As for love poems, yes, I do write them, but certainly not exclusively! I’m interested in all of the different ways people conceive of love, and how it can reflect deeply-held beliefs and values that might go unexplored or unquestioned. What does it mean to love someone unconditionally? How do I write a poem about my love for my teenaged son without somehow infringing upon his own selfhood? I just wrote a longish, list-y (lusty!) love poem for my partner, which I’ll share on Valentine’s Day as a way of celebrating our queer love, and that’s the kind of love poem I want to see more of: one that breaks open long-held literary conventions and challenges normative visions of the world.  

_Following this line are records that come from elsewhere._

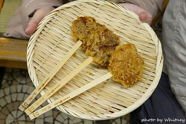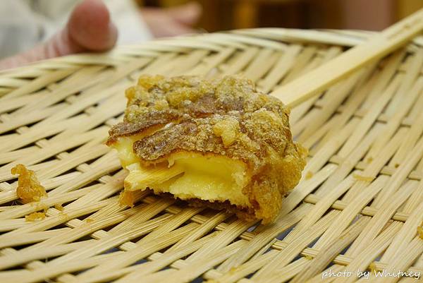 所謂的炸紅葉饅頭其實是將紅葉饅頭裹粉油炸 再用竹籤串著吃
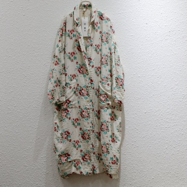 - jm カーディガン 羽織物 ゆったり ふんわり 楽な着心地 綿麻混 花柄 ダル タフ ベージュ系
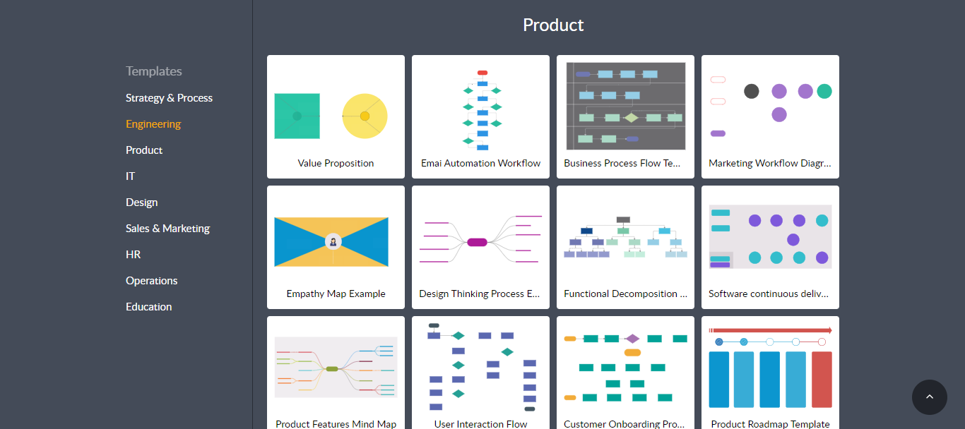 Для создания схемы нужно выбрать шаблон из категорий «Дизайн», «Продажи», «Продукт», «Образование» или самостоятельно добавить необходимые элементы. Можно также загружать свои картинки.

ROOM: We have you featuring in several panels, including “Art and Academia,” and “The Vast Inscape: Writing About Mental Health.”  But tell me, what are some other events that you are most keen on attending?

TF: I’m especially excited for the Indigenous Brilliance events, as well as the Black Voices Raised evening. But the entire festival is so packed with incredible events, it’s difficult to choose one over another!

ROOM: Thanks for taking the time to sit down with me, Triny. I’m so excited to have you for Growing Room 2019!

Isabella Wang’s debut poetry chapbook is forthcoming with Baseline press in 2019. At 18, she is the youngest two-time finalist and writer shortlisted for The New Quarterly’s Edna Staebler Essay Contest. Her poetry and prose have appeared in over a dozen literary journals, and she holds a pushcart prize nomination in poetry. She is studying English and World Literature at SFU, interning at Room Magazine, serving as the Youth Advocate for the BC Federation of Writers, and co-ordinating the bi-weekly Dead Poets Reading Series.